See also Dr. Gillian Sheehan’s “Doctors in the Stories” under ‘Mrs Macrae’.
Notes on the Text
bazar: an open market or street of shops.
lattice: a window with diamond-shaped panes of glass.
the fields we may not roam in: Indian women in strict purdah (seclusion) could only be seen by men of their own family, and were not usually permitted to leave their quarters. The Sahiba in Kim however, did not observe this rule strictly.
dowered: A dowry is the estate (land, money, etc.) brought by a bride to her wedding and becoming, like her, the property of her husband. Here it means ‘given’.
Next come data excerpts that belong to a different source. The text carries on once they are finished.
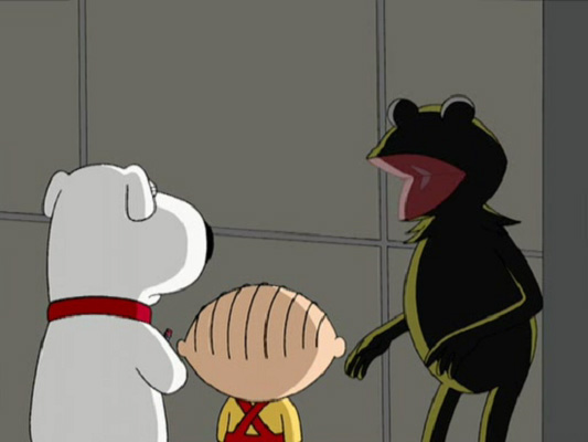 "Stewie Loves Lois" Peter is under the assumption that he has been sexually harassed by Dr. Hartman – the threat in question being a required prostate exam for prevention of cancer – and decides to sue. "Too many people get away with injustice, like the folks you meet in those Louisiana swamps." In the following vignette, alluding to the first scene in The Muppet Movie – in a rather discriminatory manner – Kermit sits on a log in said swamp, playing his banjo when a lost tourist asks him for directions to town. Kermit answers, "It's back the way you came," at which point he takes out his shotgun. |
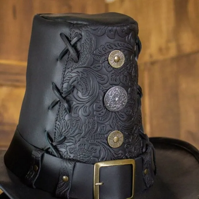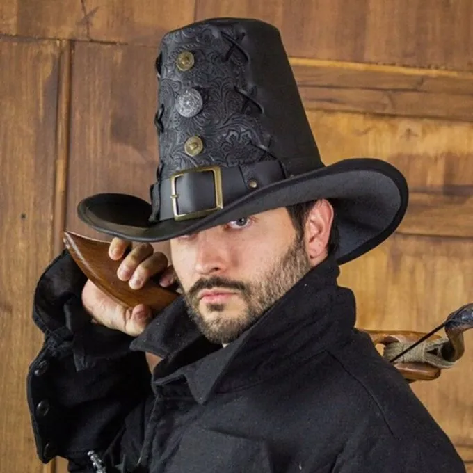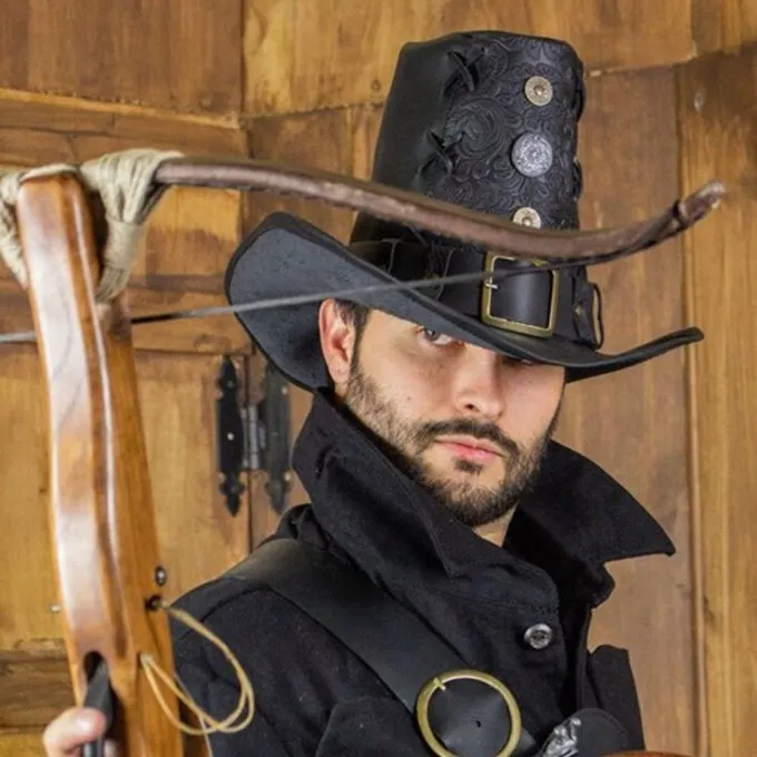 De hoeden van de Spaanse fabrikant Rawblade zijn gemaakt van hoogwaardig leer. Traditioneel vakmanschap en de hoogste kwaliteitsnormen garanderen een lange levensduur en vormvastheid. Een leren hoed is een trouwe metgezel bij slecht weer en een essentieel accessoire voor veel kostuums. Deze hoed is perfect voor Witch Hunter en 18de-19de eeuwse kostuums, en voor allerlei Cosplays en LARPs. Dit is de deluxe versie, met prachtige leerdecoraties en een handgestikte afwerking.
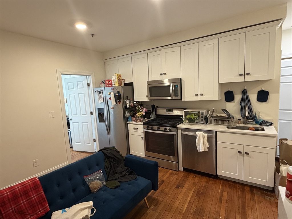 Beautiful 3 bed 2 bath in excellent location. Bright sunny apartment with natural light. Hardwood floors through out the unit. Kitchen features are stainless steel appliances, garbage disposal, dishwasher. Laundry in common area. Wall mounted TV included. Green line train stop in front of building. On the same street are restaurants, bars, convenience stores, grocery store, package store, and much more. The Longwood area medical center hospitals 2 blocks down.
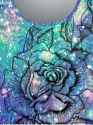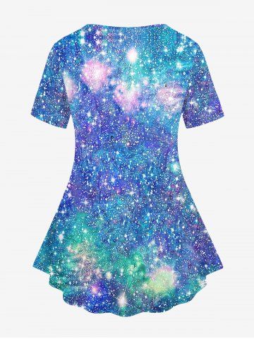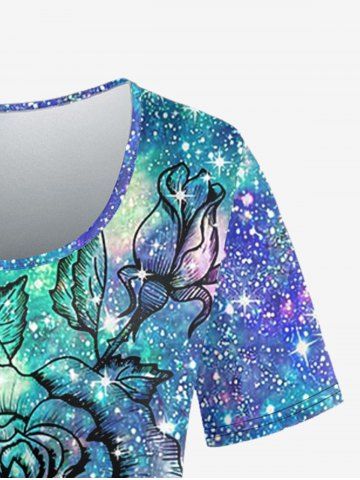 d*****z5Plus Size Galaxy Glitter Flower Print T-shirtColor: BLUE Size: 2X | US 18-20Size was perfect. Great outfit love the flow of the bottom. It looks amazing. I am definitely satisfied and will order again

[Verse 4] Original v. 4, beginning “The consort…”
consort: in this context the spouse of a reigning monarch. As the Viceroy represents the Queen it is appropriate.
[Verse 4] As collected, beginning “By life that ebbed…”
Life that ebbed: death from haemorrhage, that proved fatal through lack of treatment.
garnered: gathered in; usually refers to the gathering in of harvest.
O’er young buds dead: children dying prematurely from lack of proper attention. ‘O’er’ is a poetic abbreviation for ‘over’.
gifts that found no favour: useless sacrifices rejected by the gods.
holpen: an archaic form of ‘helped’.
lo: often used as ‘lo and behold’. An archaic form of ‘look’.